O reitor Carlos Alexandre também será acionado civelmente pelo que promove.

Cpers, sindicato petista dos professores gaúchos, decide se desfiiar

Passou quase despercebida a decisão adotada pelo Cpers na assembléia altamente esvaziada da tarde de sexta-feira (27), em Porto Alegre, quando o sindicato dos professores do ensino público decidiu se desfiliar da Central Única dos Trabalhadores (CUT). A presidente do CPERS, Elenir Aguiar Oliveira, alegou que a CUT estava distante da categoria. O encontro esvaziados, com baixíssima representação da categoria, ocorreu no Ginásio Gigantinho.
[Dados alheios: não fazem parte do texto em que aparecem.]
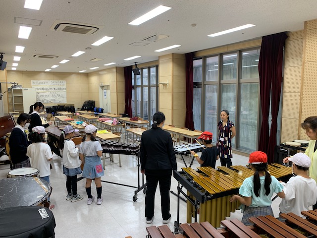 10月5日(木)、近隣の小学生6名と保護者の方2名が「どきどきわくわくたいけん」のため堀越高校を訪れました。子供たちは、校内放送で「これから教室へ行きます。よろしくお願いします」と挨拶した後、授業見学、音楽室で楽器体験、体育館見学、ホリオンとの記念撮影をしました。
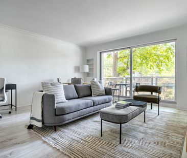 Welcome to a modern apartment surrounded by lush greenery...
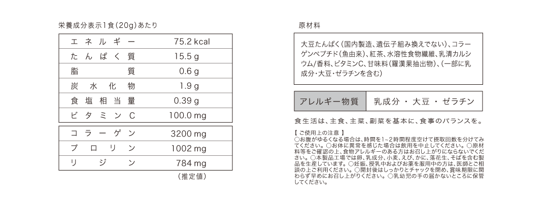 またコラーゲンの吸収をサポートするビタミンCも配合。
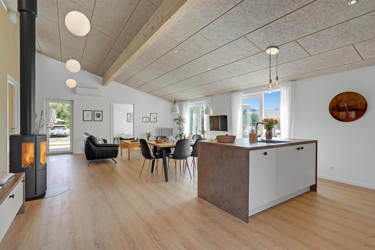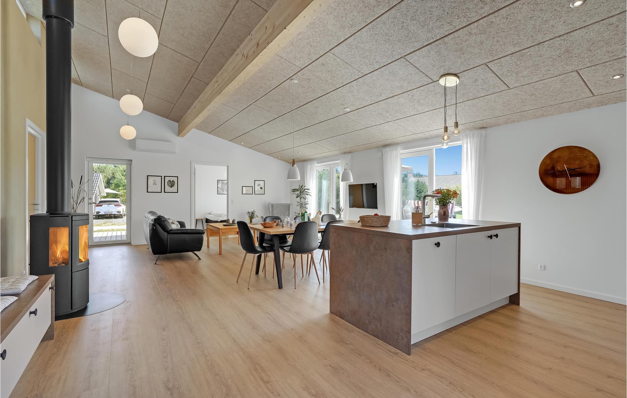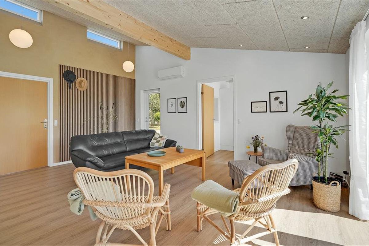 Welkom in Skovmose, waar een stijlvol, eigentijds ontworpen zomerhuis op u wacht. Op het terras met uitzicht op de tuin, in het Finse houten bad of in de open woonkamer voor de open haard - elk element van het interieur ademt een frisse, gezellige sfeer uit waardoor u echt kunt genieten.

O Cpers é responsável direto pela destruição da educação pública no Rio Grande do Sul nos últimos 35 anos. Virou um enorme aparelhão partidário. Sempre foi controlado pelo PT, mas agora cresce internamente o Psol. A próxima filiação do Cpers, em sua marcha de radicalização, deve ser a central Conlutas. O CPERS também aprovou outras pautas esquerdistas, como a nomeação de concursados, a luta pela garantia dos royalties do petróleo para a educação e o pagamento integral do piso do magistério. 

Presidente do Conselho de Ética diz que Eduardo Cunha tentou golpe e age de forma rasteira



O presidente do Conselho de Ética da Câmara, José Carlos Araújo (PR-BA), afirmou nesta quarta-feira (30) que Eduardo Cunha (PMDB-RJ) tentou dar um golpe para escapar da cassação e age de forma rasteira para se manter no comando da Câmara. Em discurso que abriu a sessão desta quarta do Conselho, Araújo fez duras críticas à tentativa de Eduardo Cunha de aprovar de forma relâmpago um projeto que remodelava a composição do Conselho e lhe dava a maioria das 21 cadeiras do colegiado. "Advogar em causa própria, tentar de forma rasteira ficar no cargo que ocupa não é digno de um presidente desta Casa", discursou Araújo: "Me sinto envergonhado. Neste ano a palavra que mais ouvi foi golpe, golpe, golpe. Mas confesso que em lugar nenhum enxergava golpe. Ontem enxerguei a tentativa de golpe nesta Casa". O projeto encampado por Eduardo Cunha estabelecia a recomposição de todas as comissões e órgãos da Câmara, incluindo a interrupção de mandatos no Conselho, cujos 21 integrantes são eleitos para dois anos, período que só termina no início de 2017. O argumento é de que era preciso recompor a proporcionalidade partidária dos órgãos após o recente troca-troca que levou 90 deputados a mudarem de legenda. Após a notícia sobre o projeto vir à tona e ser alvo de reação forte de integrantes do Conselho e de partidos governistas e de oposição, o presidente da Câmara recuou e o retirou de votação. Nova versão deve excluir o Conselho de Ética da mudança. "Esse projeto era nada mais do que um pano de fundo para a verdadeira finalidade da medida, que era liquidar o Conselho de Ética", acrescentou Araújo. Aliados de Eduardo Cunha reafirmaram o que o peemedebista tinha dito na véspera, que o Conselho de Ética não foi objeto da discussão para a elaboração do projeto.